----- WORKING DATA -----
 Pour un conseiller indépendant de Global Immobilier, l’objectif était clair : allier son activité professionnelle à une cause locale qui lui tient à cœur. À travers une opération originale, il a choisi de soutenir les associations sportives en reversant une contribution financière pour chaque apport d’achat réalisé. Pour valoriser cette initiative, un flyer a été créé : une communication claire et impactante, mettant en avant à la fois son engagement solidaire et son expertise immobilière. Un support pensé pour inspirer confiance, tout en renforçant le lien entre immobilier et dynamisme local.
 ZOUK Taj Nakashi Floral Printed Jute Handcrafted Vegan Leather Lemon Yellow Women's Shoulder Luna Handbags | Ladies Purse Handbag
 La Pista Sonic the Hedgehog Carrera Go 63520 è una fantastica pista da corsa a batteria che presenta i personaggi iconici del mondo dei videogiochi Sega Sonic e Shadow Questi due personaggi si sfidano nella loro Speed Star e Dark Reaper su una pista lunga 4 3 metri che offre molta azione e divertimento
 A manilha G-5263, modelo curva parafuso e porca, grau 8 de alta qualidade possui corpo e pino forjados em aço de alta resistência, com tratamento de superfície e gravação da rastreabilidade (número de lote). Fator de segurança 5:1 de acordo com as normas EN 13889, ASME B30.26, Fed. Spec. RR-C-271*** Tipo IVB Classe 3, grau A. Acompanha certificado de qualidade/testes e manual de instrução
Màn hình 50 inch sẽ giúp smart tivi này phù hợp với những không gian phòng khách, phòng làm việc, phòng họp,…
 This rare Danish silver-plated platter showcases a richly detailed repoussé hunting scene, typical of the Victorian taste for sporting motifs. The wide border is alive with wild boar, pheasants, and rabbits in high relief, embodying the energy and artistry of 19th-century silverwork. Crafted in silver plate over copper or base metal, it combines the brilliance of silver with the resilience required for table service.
-----
----- WORKING DATA -----
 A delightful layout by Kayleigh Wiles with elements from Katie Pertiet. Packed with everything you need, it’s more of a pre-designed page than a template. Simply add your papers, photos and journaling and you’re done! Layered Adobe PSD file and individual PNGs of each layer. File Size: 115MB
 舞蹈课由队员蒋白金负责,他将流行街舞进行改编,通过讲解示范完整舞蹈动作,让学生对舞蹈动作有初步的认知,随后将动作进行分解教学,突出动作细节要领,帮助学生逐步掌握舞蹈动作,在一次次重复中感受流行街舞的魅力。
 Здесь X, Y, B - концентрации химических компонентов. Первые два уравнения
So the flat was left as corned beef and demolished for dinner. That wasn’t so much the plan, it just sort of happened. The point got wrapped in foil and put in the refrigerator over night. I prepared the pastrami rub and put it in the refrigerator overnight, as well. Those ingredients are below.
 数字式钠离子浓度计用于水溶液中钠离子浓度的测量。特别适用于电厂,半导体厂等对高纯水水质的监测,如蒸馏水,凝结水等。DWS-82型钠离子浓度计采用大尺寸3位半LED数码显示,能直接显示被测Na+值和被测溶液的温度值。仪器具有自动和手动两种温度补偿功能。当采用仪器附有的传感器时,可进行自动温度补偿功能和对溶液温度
-----
TASK TO CARRY OUT
Set down precisely the lines above between the line holding "So the flat" and the line holding "数字式钠离子浓度计用于水溶液", inclusive, and nothing beyond them.

TASK RESULT
So the flat was left as corned beef and demolished for dinner. That wasn’t so much the plan, it just sort of happened. The point got wrapped in foil and put in the refrigerator over night. I prepared the pastrami rub and put it in the refrigerator overnight, as well. Those ingredients are below.
 数字式钠离子浓度计用于水溶液中钠离子浓度的测量。特别适用于电厂,半导体厂等对高纯水水质的监测,如蒸馏水,凝结水等。DWS-82型钠离子浓度计采用大尺寸3位半LED数码显示,能直接显示被测Na+值和被测溶液的温度值。仪器具有自动和手动两种温度补偿功能。当采用仪器附有的传感器时,可进行自动温度补偿功能和对溶液温度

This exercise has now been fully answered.